このページで学べること|IF・AND・ORの違いと使い方
前回は、SUMIFやCOUNTIFを通して「条件を指定して集計する」方法を学びました。
今回は、その基本となるIF関数を一緒に学んでいきましょう。

この物語の案内役MISATOです。
今回は、「条件」による判別の関数を学んでいきましょう。
舞台は、診療所。発熱のあるなしで、IF関数さんが活躍している様子をのぞいてみましょう。
【IF関数の使い方】条件を指定して振り分けする


検温お願いします。
36.7度。では、こちらへどうぞ。

IFさん、今はどんなお仕事をされているのですか?

はい、今は37.5度以上の患者様を「発熱外来」にご案内しております。



式の説明をお願いできますか?

患者様をお待たせしているので手短に参りますわね。
まず、37.5度以上という条件を提示、
そうであれば「発熱外来」
違うのであれば、「通常診療」と表示させる式ですの。

その「そうであれば」というのは「TRUE」ということでしょうか?


ええ。初学者の方々は、TRUEや真といわれても正直つかみにくいと思いますわ。
簡単にいうと、条件が当てはまるならTRUEで、当てはまらないのであればFALSEですの。
=IF( 条件, 条件が成り立つ時の値, 成り立たない場合の値 )
補足:条件が成り立つ=TRUE、成り立たない=FALSE
今回F2に入力した式: =IF( C2>=37.5, “発熱外来“, “通常診療” )

「以上」を表すものが【 >= 】であることもポイントですね。
間違えて【 => 】と書かないように気をつけましょう。
【AND関数の使い方】複数条件の同時抽出


発熱があり、かつ咳がある患者さまの抽出にはあの方とご一緒でなければならないわ。

「あの方」とは…?

私、AND関数のことよ。
さぁ、IF様。発熱外来へ一緒に参りましょう。


私とIF様が同時判断すれば、「発熱」かつ「咳あり」を判断できますわ。

G2に入力された式: =IF(AND(C2>=37.5,D2=”あり”),”隔離室”,”発熱外来”)

ごめんなさい。式の意味が全くわかりません。
1つずつ解説してもらってもいいですか?

まず、私は複数条件が全て合致していれば「TRUE」を返す関数なの。
全てクリアしなければ「FALSE」を返すわ。
今回であれば、まずはこうね。
=AND(C2>=37.5, D2=”あり”)

“37.5以上”で、咳”あり”の場合にTRUEを返す、ということですか?
熱があるけど咳がない、または熱はないけど咳はある場合は「FALSE」…?

あら、あなた賢いわね。その通りよ。
TRUEと判断した結果を、IF様にお渡しするのが、私の役目。

IF関数さんは、条件→TRUE→FALSEの順番に書くので、最初にANDさんに活躍してもらうというわけですね!
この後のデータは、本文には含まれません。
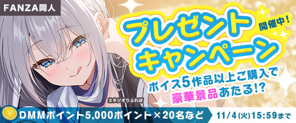 ・応募条件:キャンペーン期間中に特設ページの【キャンペーンに応募する】ボタンから応募し、FANZA同人にてボイス作品を5作品以上購入した方が対象となります。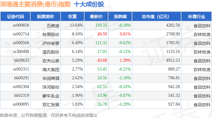 深港通主要消费(港币)(983022)指数十大成份股详情如下: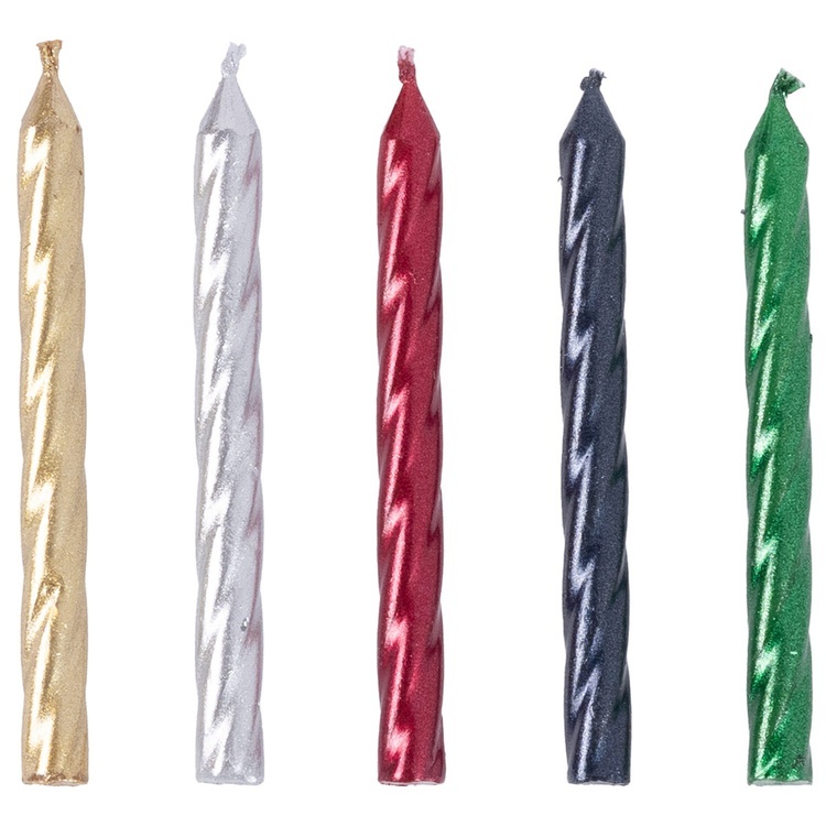Элегантные цветные свечи с металлическим блеском станут эффектным украшением праздничного торта или десерта. Универсальное решение для дня рождения, юбилея или новогоднего торжества.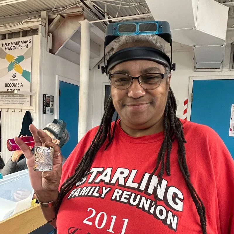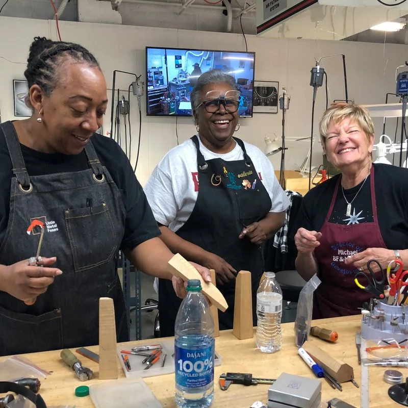 So many chisels! My recent 3-day workshop at Metal Arts Guild, Georgia was a blast. The hybrid format was a challenge at first, but rewarding to figure out ways to get all the students learning and interacting. I loved seeing the in person students walk by my computer and laugh and chat with the Zoom folks. I was pleased to see so many students sporting their Mondobop gear.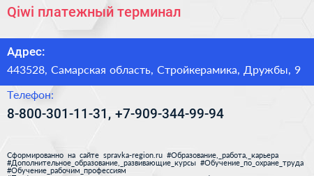 Qiwi, платежный терминал по адресу 443528, Самарская область, Стройкерамика, Дружбы, 9 в дальнейшем Организация, размещена в следующих категориях: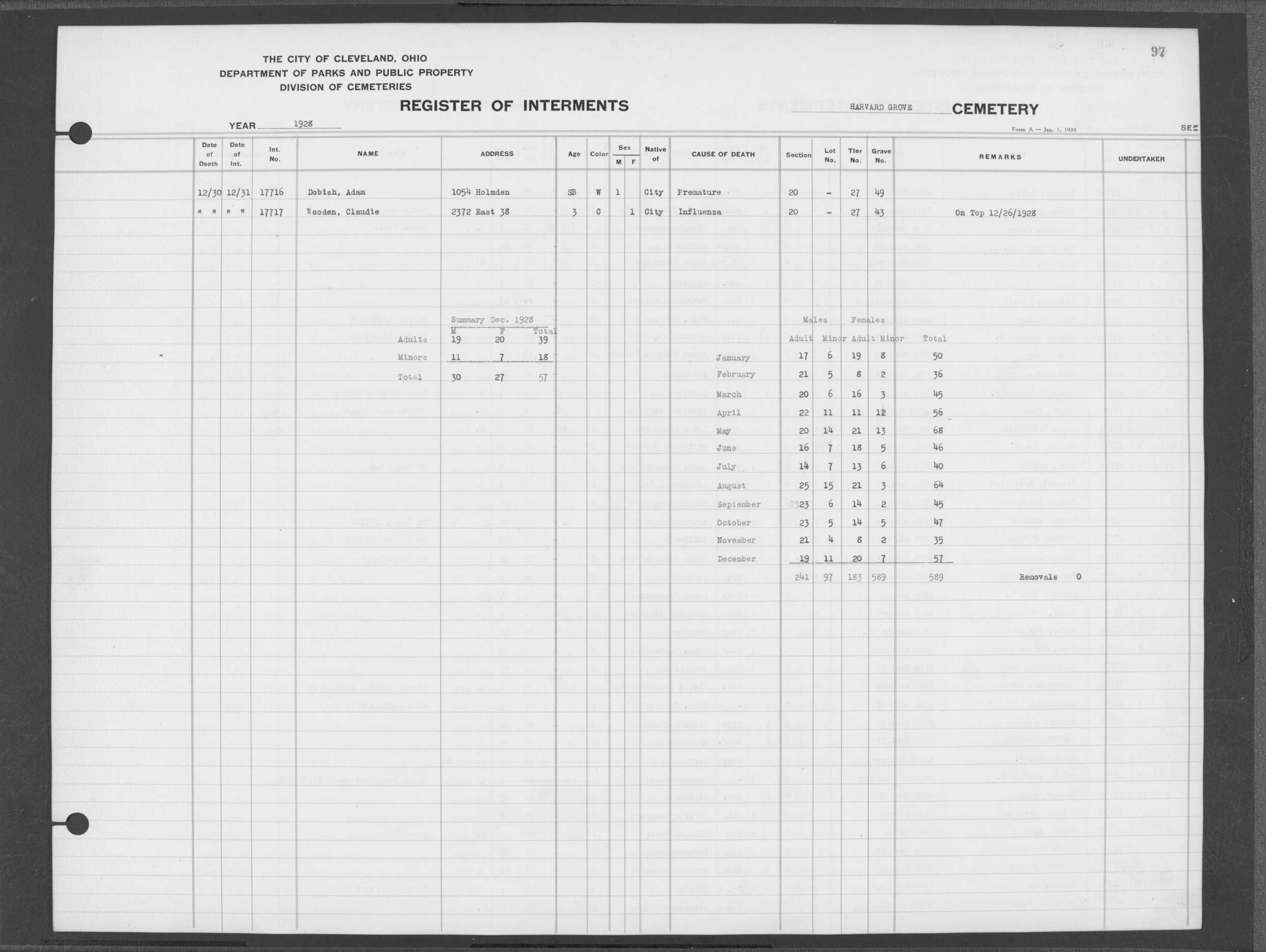 | Harvard Grove | 2 | 72 | Dec | 19 | 1917 | Dec | 21 | 1917 | 9717 | Zoubek, Marie | 33y | W | F | |

そこまでわかっているなら、最初の式をみてももう大丈夫ね。
=IF(AND(C2>=37.5,D2=”あり”),”隔離室“,”発熱外来“)

私一人だけで判断したら、セルには「TRUE」「FALSE」と表示されるわ。

2人でコンビを組むからこそ、
複数条件にも対応でき、またセルに任意の文字を表示させることができるのです。
【OR関数の使い方】


今度は「または」の条件が発生したようです。

問題ないわ。私OR関数が対応いたします。
では、IF様ご一緒に参りましょう。


一見難しそうに見えますが、基本的な考え方はANDさんと同じでしょうか?

当たりよ!
私はどちらか一方の条件がクリアできれば「TRUE」を返すだけ。
今回私が1人で対応するとすればこうね。
=OR(C3>=37.5,E3=”あり”)

「高橋翔さん」の場合は、体温が37.4で、悪寒あり。
体温の条件は満たしていないけれど、悪寒ありの条件を満たしているので判定結果は「TRUE」。
IFさんがいなければセルに「TRUE」と表示させていたわ。

そこで、OR関数さんが「TRUE」と判断した結果を、私が受け取ってセルには「発熱外来」と表示させたわけなのです。
H4に入力された式: =IF(OR(C3>=37.5,E3=”あり”),”発熱外来“,”通常診療“)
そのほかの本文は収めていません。